_Work task_: Please output every line of the material as it stands, without the pictures.

_Data block_:
⟨

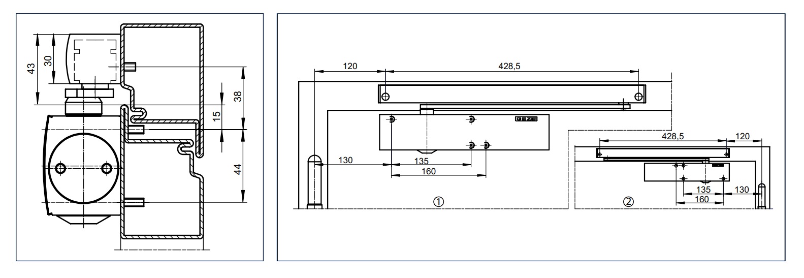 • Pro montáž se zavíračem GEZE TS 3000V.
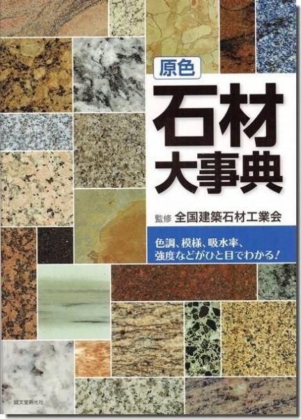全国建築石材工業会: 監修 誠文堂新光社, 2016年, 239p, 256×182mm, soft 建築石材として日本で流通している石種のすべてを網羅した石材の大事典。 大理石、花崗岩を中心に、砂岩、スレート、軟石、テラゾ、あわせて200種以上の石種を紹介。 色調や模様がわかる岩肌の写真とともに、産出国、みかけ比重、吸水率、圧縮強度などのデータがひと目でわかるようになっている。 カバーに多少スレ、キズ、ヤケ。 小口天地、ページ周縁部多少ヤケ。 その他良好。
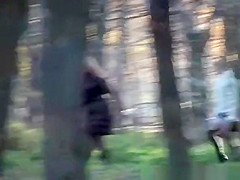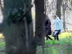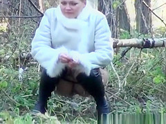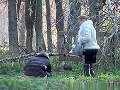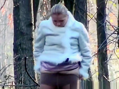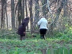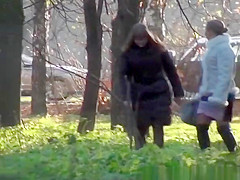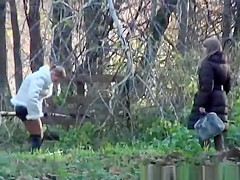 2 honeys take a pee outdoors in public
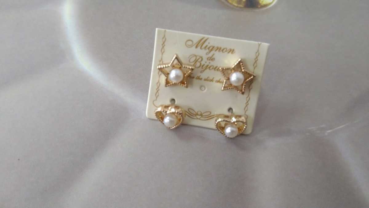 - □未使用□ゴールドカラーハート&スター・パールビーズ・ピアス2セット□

⟩

_Expected answer_:
 • Pro montáž se zavíračem GEZE TS 3000V.
全国建築石材工業会: 監修 誠文堂新光社, 2016年, 239p, 256×182mm, soft 建築石材として日本で流通している石種のすべてを網羅した石材の大事典。 大理石、花崗岩を中心に、砂岩、スレート、軟石、テラゾ、あわせて200種以上の石種を紹介。 色調や模様がわかる岩肌の写真とともに、産出国、みかけ比重、吸水率、圧縮強度などのデータがひと目でわかるようになっている。 カバーに多少スレ、キズ、ヤケ。 小口天地、ページ周縁部多少ヤケ。 その他良好。
 2 honeys take a pee outdoors in public
 - □未使用□ゴールドカラーハート&スター・パールビーズ・ピアス2セット□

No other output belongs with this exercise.